2024-11-08 13:49:57 -08:00 · 2024-11-08 13:49:57 -08:00 · db790605ee
--- a/backfill/2024-11-06-metrics-pings-metric-labels-over-max-length/README.md
+++ b/backfill/2024-11-06-metrics-pings-metric-labels-over-max-length/README.md
@ -80,36 +80,10 @@ ORDER BY
 ## Setting up the Backfill Project

 To grant dataset creation permissions and to get access to `payload_bytes_error`: https://github.com/mozilla-services/cloudops-infra/pull/6055
+This step provided the `payload_bytes_error` data as well as `firefox_desktop` datasets.

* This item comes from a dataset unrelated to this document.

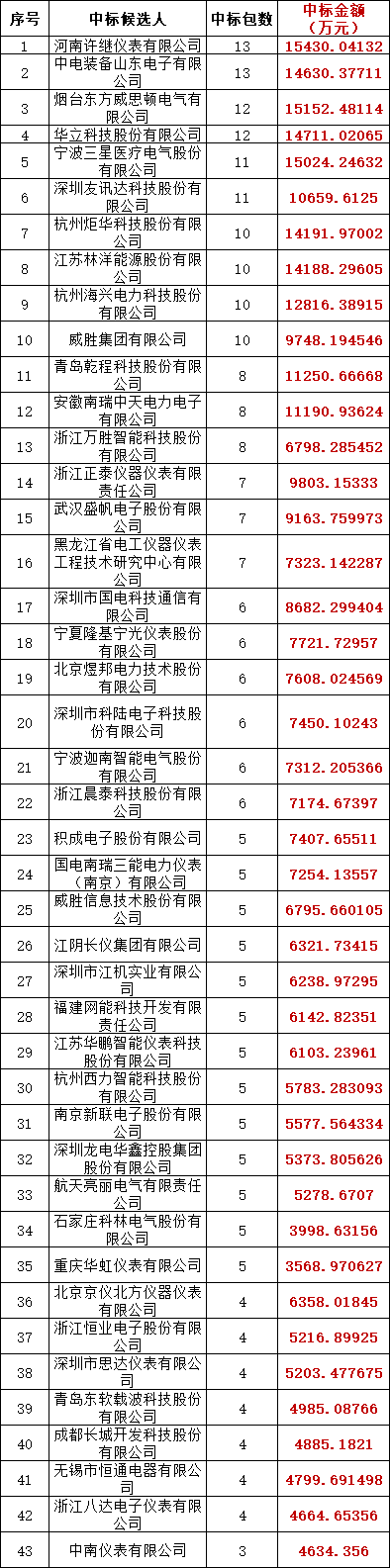 1、河南许继仪表有限公司,中标金额:1.543亿;
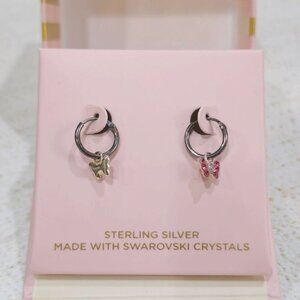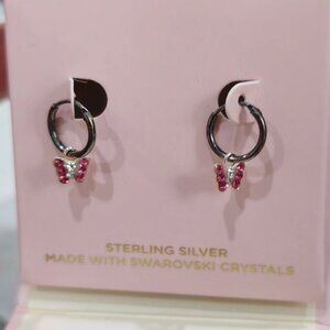 FAO Schwarz Sterling Silver Butterfly Hoop Earrings – Swarovski Crystals OS

 ## Reingest Using Decoder

-To start, we need to create the temporary datasets and tables to use as dataflow input, output, and error.
-We can do that by running the script at 
-[`mirror-prod-tables.sh`](mirror-prod-tables.sh).
-
-This will create the datasets `firefox_desktop_metrics_output`, `firefox_desktop_metrics_deduped`, and 
-`payload_bytes_error_firefox_desktop_metrics`.
-
-We will then create a `payload_bytes_error`-like table with only the rows that we want to reprocess:
-
-```sql
-CREATE TABLE 
-    moz-fx-data-backfill-1.payload_bytes_error_firefox_desktop_metrics.structured_input
-LIKE 
-    moz-fx-data-backfill-1.payload_bytes_error_firefox_desktop_metrics.structured
-AS
-(
-  SELECT 
-    *
-  FROM 
-    `moz-fx-data-shared-prod.payload_bytes_error.structured` 
-  WHERE 
-    DATE(submission_timestamp) BETWEEN "2024-10-25" AND "2024-11-06"
-    AND error_message LIKE 'org.everit.json.schema.ValidationException: #/metrics/% expected maxLength: 61, actual: %'
-    AND document_namespace = "firefox-desktop"
-)
-```
-
 The script in [start_dataflow.sh](start_dataflow.sh)
 will start the dataflow job when run from the `ingestion-beam/` directory in 
 [`gcp-ingestion`](https://github.com/mozilla/gcp-ingestion/tree/main/ingestion-beam).
@ -122,12 +96,10 @@ The dataflow output will have duplicate document ids, so we need to dedupe befor
 similar to copy_deduplicate. We can also check if any document ids already exist in the stable table, just as 
 a safeguard. There are no automation pings, so there's no need to filter like in copy_deduplicate.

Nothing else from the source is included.